大和国の四つの水分神社を訪ねて

 昨年(2019年)に大和国の四つの水分神社を訪ねた。実際は、あちらこちら立ち寄って、四つ以上の神社に行ったことになる。都祁では2カ所(都祁水分神社と都祁山口神社)。宇陀では3カ所(宇陀水分神社の上社、中社、下社)。御所の葛木水分神社のときは大阪側(河内側)の建水分神社にも訪れた。吉野の場合は、もとあったという青根ヶ峰の登頂を果たせなかったことが心残りである。

 この四カ所の水分神社を訪れてみて、あとで現在の水系を地図でみていたら、葛木水分神社の水系だけが奈良盆地に注いでおり、あとの3カ所の水はいずれも奈良盆地には注いでいないということに気づき、これには驚いた。

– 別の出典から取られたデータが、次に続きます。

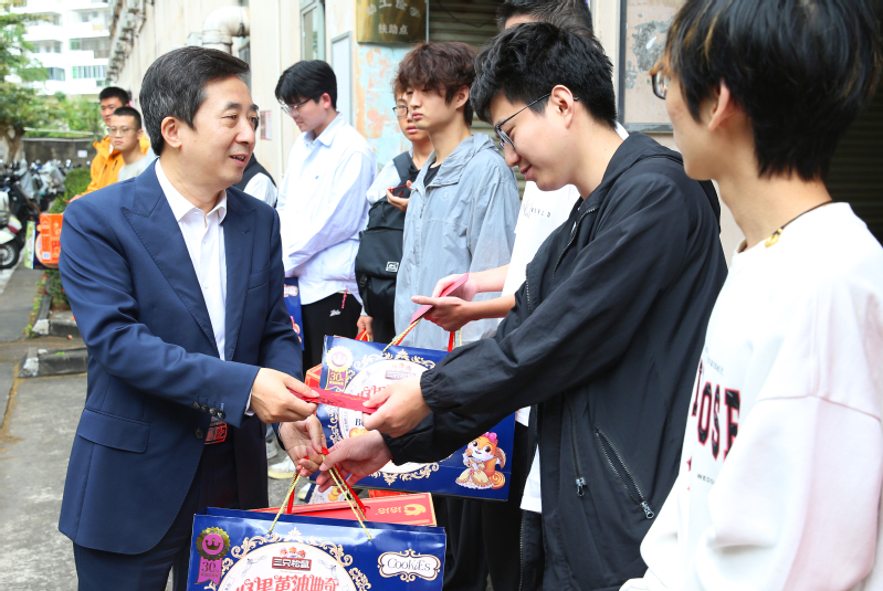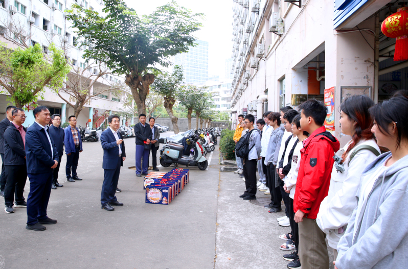 2月19日上午,校长聂清斌,党委常委、统战部部长邓志斌一行先后深入龙昆南、桂林洋校区,看望慰问春节期间的留校学生和在岗员工,向他们致以诚挚的新春问候,并送上新春慰问品,暖心关怀让校园洋溢着浓浓的年味和家一般的温暖。
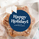 Retro Typografie Blue Happy Holidays Runder Aufkleber
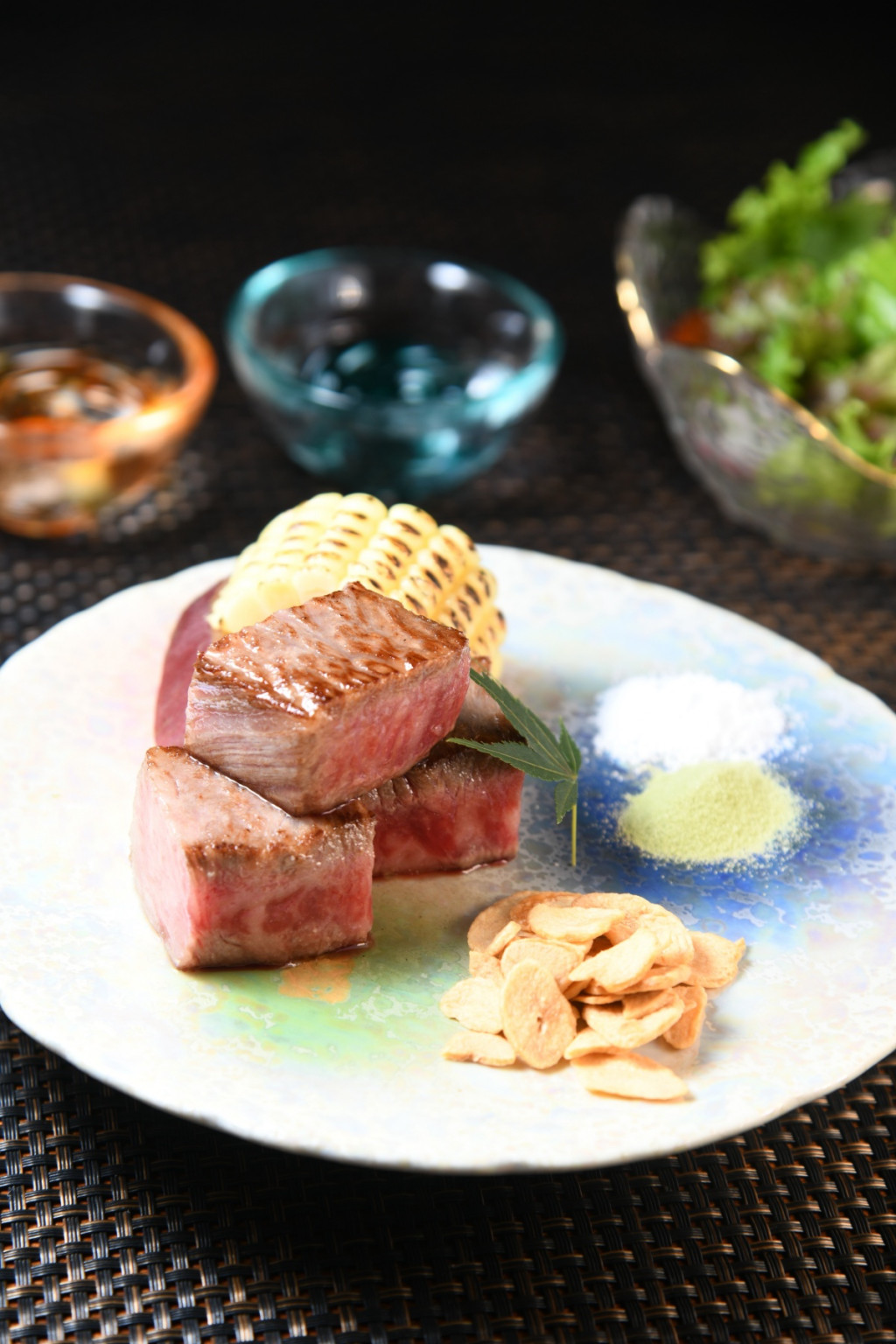 ▲和牛燒(廚師發(fā)辦) 將鹿兒島和牛肉眼部位去掉多余脂肪,放在鐵板上燒至半生熟,伴抹茶鹽及海鹽吃,滋味可口。
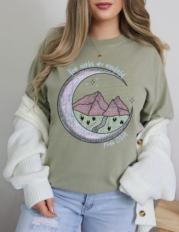 Your Works Are Wonderful Psalm 139.14 Crescent Moon and Mountains 115084 DTF Transfer
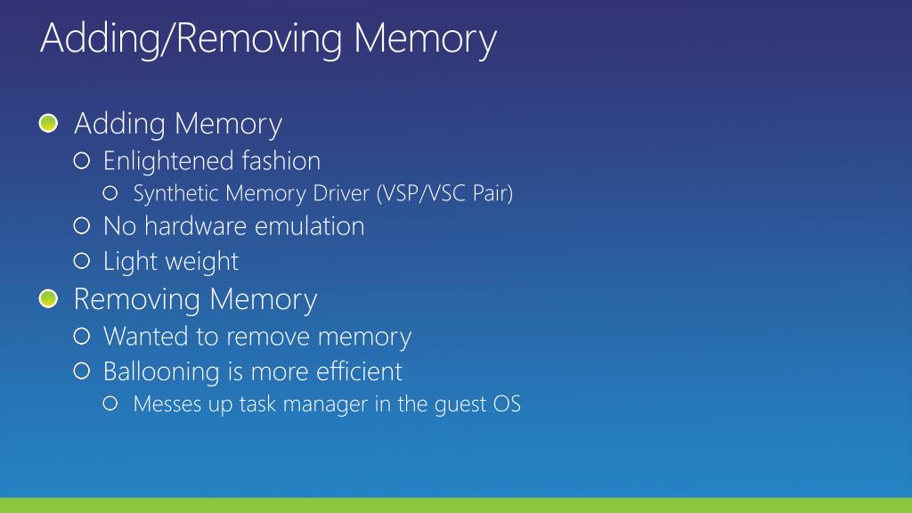 Adding/Removing Memory • Adding Memory • Enlightened fashion • Synthetic Memory Driver (VSP/VSC Pair) • No hardware emulation • Light weight • Removing Memory • Wanted to remove memory • Ballooning is more efficient • Messes up task manager in the guest OS
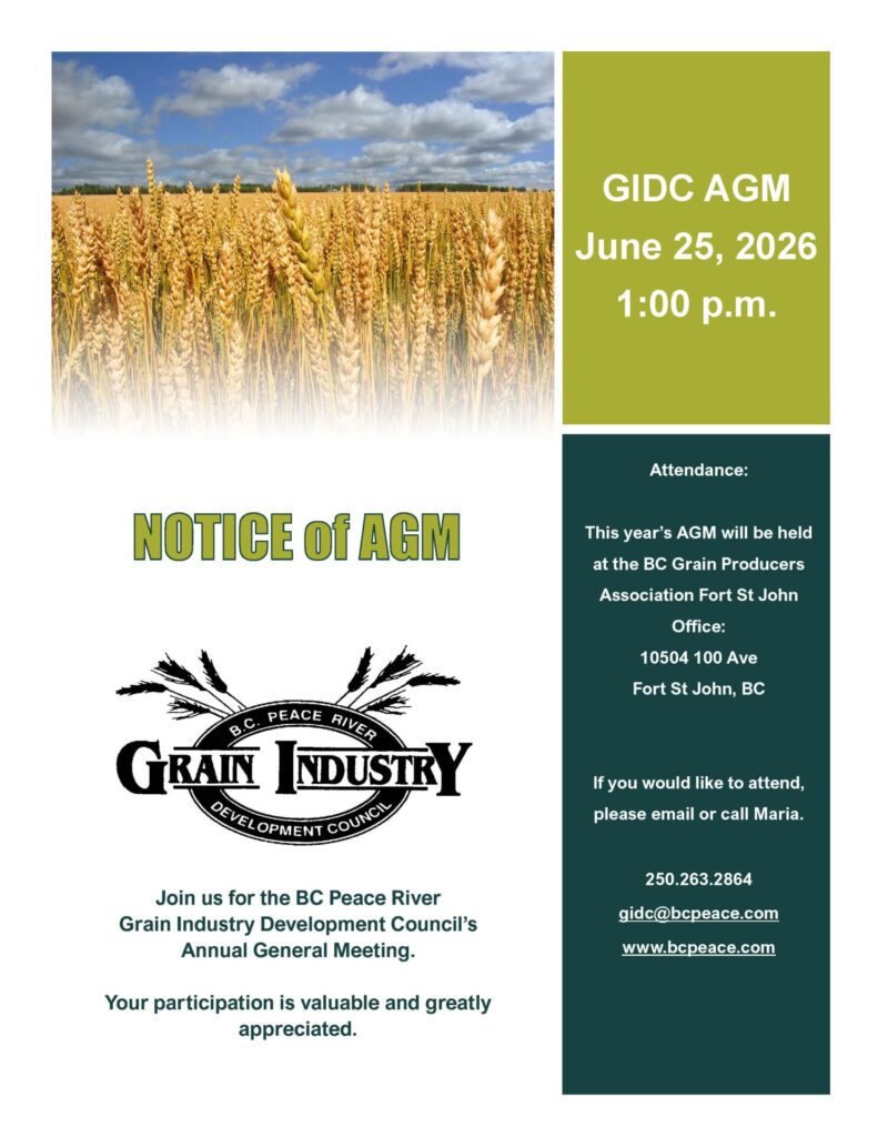 Since 1990, the BC Peace River Grain Industry Development Council has been actively involved in the research and development activities for this area which produces almost 90% of the province’s grain and 95% of the canola. Council administers four levies on grain, oilseed, pulses, and forage seed crops grown in the BC Peace River Regional District. This amounts to nearly $1.3 million contributed to projects which improve and enhance the viability of this very important sector of the provincial economy.

 当然のことながら、奈良盆地の水事情はどうなっているのか? という疑問が湧いてくる。過去の水事情も問題となってくる。奈良の水事情については長い歴史があるようだ。

 そこらあたりの疑問を晴らしていくきっかけになったものの一つに「盆地」というキーワードがあった。奈良盆地はたいへん大きな盆地である。周りの山からの川はいずれも短い。直観的に水不足になるのではないかと思ったが、いくつかの見方からするとその通りであった。

 「盆地」という言葉には、最初は景観論的な見方から接近していた。都祁、宇陀を訪れたとき、「水分神社」型景観は「盆地」の景観と同様のものとして見ることができる、と樋口忠彦『日本の景観』にはあったし、その通りだと思ったからである。「盆地」というキーワードがあって、昔に読んだ米山俊直『小盆地宇宙と日本文化』岩波書店、を思いだした。再度読んでみて驚いたのは、米山氏は「大和高原」の都祁に生まれ、都祁水分神社の氏子であったと書かれていたことである。昔読んだことはきれいさっぱり忘れていたが、「盆地」という言葉だけでも憶えていて、思い出したことはよかったと思った。

 景観論というのは地形と密接に関係している議論である。景観と風景と区別する議論もあるが、ひとまず風景と言ってもよいであろう。

 建築家の山本理顕は、東大の原広司研究室にいたとき、世界の集落調査に携わった。やりかたは四駆をひたすら走らせて、集落を見つけるという方法だったという。この方法でどこにも負けないだけの数の集落を調査したという。この方法でクルマを走らせていると集落がある場所が地形でだいたい分かるのだという。そして発見されたその集落はほとんどが美しい集落であると言う。地形に沿った生き方をしているひとびとがつくりだす集落の普遍性というものが見えてくるようだ。